Why Can't We All Get Along?

If you read my previous post you saw how close I am to my cousin who lives in New York. As the post noted, she was a journalist for CBS News.  Our family is somewhat conservative. She is more liberal, in part as she tells me, because as a journalist she has witnessed so much first hand.  I can certainly understand that. 

My cousin is very kind and invited me to spend Thanksgiving with her and her family. Every night my cousin and I would talk politics and public policy.  Few things are more invigorating than a lively and intelligent current affairs discussion with someone well informed and passionate.  My cousin is that kind of person. We can disagree (we do) and not be disagreeable.
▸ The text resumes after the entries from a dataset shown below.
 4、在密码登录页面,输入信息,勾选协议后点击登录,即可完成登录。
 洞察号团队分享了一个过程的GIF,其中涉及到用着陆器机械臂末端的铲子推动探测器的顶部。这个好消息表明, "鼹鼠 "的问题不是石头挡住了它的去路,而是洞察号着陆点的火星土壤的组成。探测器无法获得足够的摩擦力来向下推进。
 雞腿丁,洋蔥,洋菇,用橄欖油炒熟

I find that my thought process is much sharper after a good exchange of ideas and policy alternatives.

My mother used to ask why is the political process so harsh, why can't we do what is right and why is it so partisan.
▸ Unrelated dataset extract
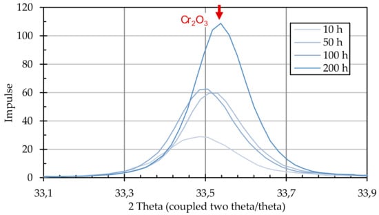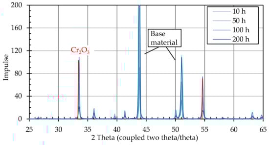 The measurements using XRD show that the formation of the crystalline structure in the form of Cr2O3 clearly outweighs the formation of other structures (Figure 15). Figure 16 also shows the time-dependent growth of chromium oxide.
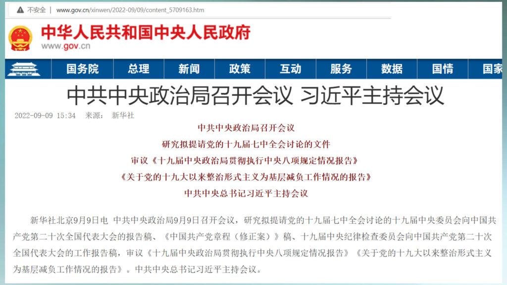 8月底召开的政治局会议,确定了19届7中全会和20大召开的时间,这意味着大局已定。紧接着,中共政治局在9月9日召开会议,听取二十大报告草稿、党章修正案征求意见的情况报告,根据这些意见确定二十大报告、党章修正案进行修改和完善的基本方向。考虑到19届7中全会将在10月9日召开,所以,这次的政治局会议提前在9月9日召开,也就是在19届7中全会召开前一个月举行,以便有充足的时间,正式完成20大报告和党章修正案。届时,交由19届7中全会正式审议。从这一点来看,这次政治局会议召开的时间并没有值得奇怪的地方。假如还按照惯例在月底举行,那么,20大报告进行修订的时间就只有8、9天,那就太仓促了。应该说,20大会议相关事项的准备基本是在按部就班地进行,并没有出现任何意外。

I think I now know the answer.  It became very clear to me as I talked to my cousin.  Reasonable and intelligent people can disagree on the goal and the best way to reach the goal. Both sides think they are right.  In all actuality, only one side truly wins.

We hear alot about the need for bipartisanship and compromise.  In my study of the political process (at least lately) compromise is not necessarily about getting half or a quarter of the loaf, it is about the losing side softening the edges of a new law as much as possible. In other words, how can the minority amend new legislation that allows for the least amount of negative impact to their constituents and supporters.

Any new and sweeping legislation creates a different set of winners and losers.  At least to me, this is why we have such fierce partisanship.  No one wants to be on the losing side.   

Will it get any better? No, I think not.  That is not necessarily bad.  We must realize the U.S. House is very much run by the majority and if the majority has the votes, it can get through any bill without even consulting or working with the minority. The U.S. Senate is structured around giving the minority to shape or influence legislation. This is usually done by knowledge of the rules and the filibuster. 

That type of structure makes it much harder to agree on the goal and way to get to the goal. Congress holds hearings and you can see people who testify have totally different ideas on what should be done and how. 

Our founding fathers thought long and hard before they came up with our structure of government.  So far, it has worked well for the United States with several changes like allowing women to vote, the election of U.S. Senators by direct vote instead of each state legislature,and lowering the voting age. 

So why can't get along? As I wrote earlier, high stakes and no one wants to lose.